Securing health data, like other data, is an exercise in classification and locality. In my previous article Securing FHIR I explain the meaning and implications of these axes on security. In this post, we'll look at implementing classification at scale.

This is going to be a pretty deep technical dive on the internals of FHIR's conformance system. For the uninitiated, I'd suggest some light reading first, perhaps:

Goals for Classification

Let's recap briefly: classification, the process of determining "what we have" when looking at a resource (e.g. at a FHIR JSON document), is important in securing data. Classification is what allows us to permit access to "lab results" and "pain medications". Problem is: classification of health data is complex and can be computationally expensive to evaluate.

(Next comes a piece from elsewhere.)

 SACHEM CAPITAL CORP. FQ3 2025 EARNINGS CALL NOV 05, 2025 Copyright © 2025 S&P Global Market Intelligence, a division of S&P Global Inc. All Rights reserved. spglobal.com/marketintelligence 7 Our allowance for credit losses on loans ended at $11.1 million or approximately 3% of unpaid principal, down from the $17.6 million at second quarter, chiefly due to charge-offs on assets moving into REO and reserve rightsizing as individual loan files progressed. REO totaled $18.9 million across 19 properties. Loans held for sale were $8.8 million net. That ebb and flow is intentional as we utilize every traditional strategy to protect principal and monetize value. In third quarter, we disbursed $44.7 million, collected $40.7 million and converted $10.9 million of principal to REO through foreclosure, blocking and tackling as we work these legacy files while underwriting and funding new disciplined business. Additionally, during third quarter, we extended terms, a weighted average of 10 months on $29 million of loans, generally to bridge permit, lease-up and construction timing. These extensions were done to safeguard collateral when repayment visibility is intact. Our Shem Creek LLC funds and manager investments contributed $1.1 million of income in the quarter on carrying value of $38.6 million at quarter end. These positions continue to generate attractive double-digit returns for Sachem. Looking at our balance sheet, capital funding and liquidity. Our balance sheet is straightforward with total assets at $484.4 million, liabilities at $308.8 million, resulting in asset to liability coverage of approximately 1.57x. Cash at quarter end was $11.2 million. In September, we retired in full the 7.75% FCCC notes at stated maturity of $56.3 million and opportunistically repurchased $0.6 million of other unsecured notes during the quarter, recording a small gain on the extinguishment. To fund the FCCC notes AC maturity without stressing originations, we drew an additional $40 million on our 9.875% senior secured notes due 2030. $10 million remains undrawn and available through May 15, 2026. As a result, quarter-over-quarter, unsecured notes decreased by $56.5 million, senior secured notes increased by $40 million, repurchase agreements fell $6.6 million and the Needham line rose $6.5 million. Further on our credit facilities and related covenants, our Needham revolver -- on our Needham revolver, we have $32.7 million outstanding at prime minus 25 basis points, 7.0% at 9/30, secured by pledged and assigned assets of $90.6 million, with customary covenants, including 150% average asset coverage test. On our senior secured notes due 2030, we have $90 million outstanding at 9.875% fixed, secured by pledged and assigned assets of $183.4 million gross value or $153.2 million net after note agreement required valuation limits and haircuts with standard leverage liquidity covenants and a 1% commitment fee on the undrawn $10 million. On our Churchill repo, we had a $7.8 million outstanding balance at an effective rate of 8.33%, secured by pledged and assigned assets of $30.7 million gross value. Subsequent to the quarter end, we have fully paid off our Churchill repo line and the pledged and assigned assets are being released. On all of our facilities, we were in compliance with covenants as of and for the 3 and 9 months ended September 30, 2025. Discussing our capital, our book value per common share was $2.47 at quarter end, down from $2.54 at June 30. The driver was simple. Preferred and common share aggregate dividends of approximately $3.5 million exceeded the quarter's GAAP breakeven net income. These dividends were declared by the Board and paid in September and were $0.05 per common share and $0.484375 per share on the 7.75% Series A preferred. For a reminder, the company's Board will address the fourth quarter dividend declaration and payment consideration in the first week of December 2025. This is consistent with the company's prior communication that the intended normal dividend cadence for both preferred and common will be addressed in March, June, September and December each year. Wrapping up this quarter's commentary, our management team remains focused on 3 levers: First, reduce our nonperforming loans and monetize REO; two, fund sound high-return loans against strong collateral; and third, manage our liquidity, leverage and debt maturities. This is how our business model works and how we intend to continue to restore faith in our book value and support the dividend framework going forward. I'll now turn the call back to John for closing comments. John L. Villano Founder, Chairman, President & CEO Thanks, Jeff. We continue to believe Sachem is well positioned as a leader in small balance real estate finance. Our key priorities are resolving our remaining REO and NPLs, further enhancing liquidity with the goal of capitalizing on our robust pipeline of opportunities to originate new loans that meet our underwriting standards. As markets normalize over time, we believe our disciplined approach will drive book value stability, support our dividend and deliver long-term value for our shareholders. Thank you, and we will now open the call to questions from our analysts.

Classification is a process that all systems apply. The most simple is technical: "data in this folder" or "data at this endpoint". We've all set permissions using this kind of classification. What we're after here is deeper: classification by semantics (meaning). We want to be able to actually look at the data and decide whether the data meets our definition of something.

In healthcare, classification is primarily by vocabulary. We determine if an allergy is a "medication allergy" by looking at the code. Often, this is enough. Many cases require more complexity. Consider "abnormal blood lab result". This requires looking at both the code of the result to determine if it's a "blood lab" and the interpretation to look for "abnormal". SNOMED provides a compositional grammar for this kind of thing.

FHIR on the other hand provides a powerful and increasingly well adopted mechanism for classifying data called "profiles". Profiles describe the attributes and conditions of a concept (e.g. prescription medications) using explicit rules and references to terminologies such as SNOMED and LOINC.

IF we can apply these profiles in a cost effective, scalable way, we have a powerful tool in both describing our data and securing it (which includes things like respecting consent).

It’s also worthwhile to note that these techniques can be used to classify non-FHIR data that is described using the FHIR conformance system (i.e. profiles).

Thinking about Profiles

Profiles, that is StructureDefinitions in use, can both add content/elements (derivation: specialization) and constrain or "narrow" the content of a resource. Only HL7 adds to standard FHIR resources, everyone can build profiles that constrain.

When data first arrives in a system, it's usually validated. Assume the base HL7 profiles are always checked, so everything in our system is at least valid FHIR. This means we can search for an Observation resource and be confident the JSON document has the right elements, the JSON types are correct, and the structural constraints are met. In many cases, this base validation represents the bulk of the checks needed.

On top of the HL7 Observation, we defined some local enterprise standards:

Lab Observations have a LOINC code (it's required)
HbA1c Observations have a code from the HbA1c valueset and must use particular units for results

From a validation/classification standpoint, each of these profiles adds a set of constraints that could be expressed as FHIRPath expressions (or potentially other constraint expression languages), and a validator could be built using only a FHIRPath engine. Think of this form of profiles as a sort of (although not technically) an abstract syntax tree (AST):

For Lab Observation:

Observation.code.coding.where(system='http://loinc.org').exists()

For HbA1c Observation:

Observation.code.memberOf('http://.../ValueSet/HbA1c')

(Observation.value as Quantity).memberOf('http://.../ValueSet/HbA1cUnits')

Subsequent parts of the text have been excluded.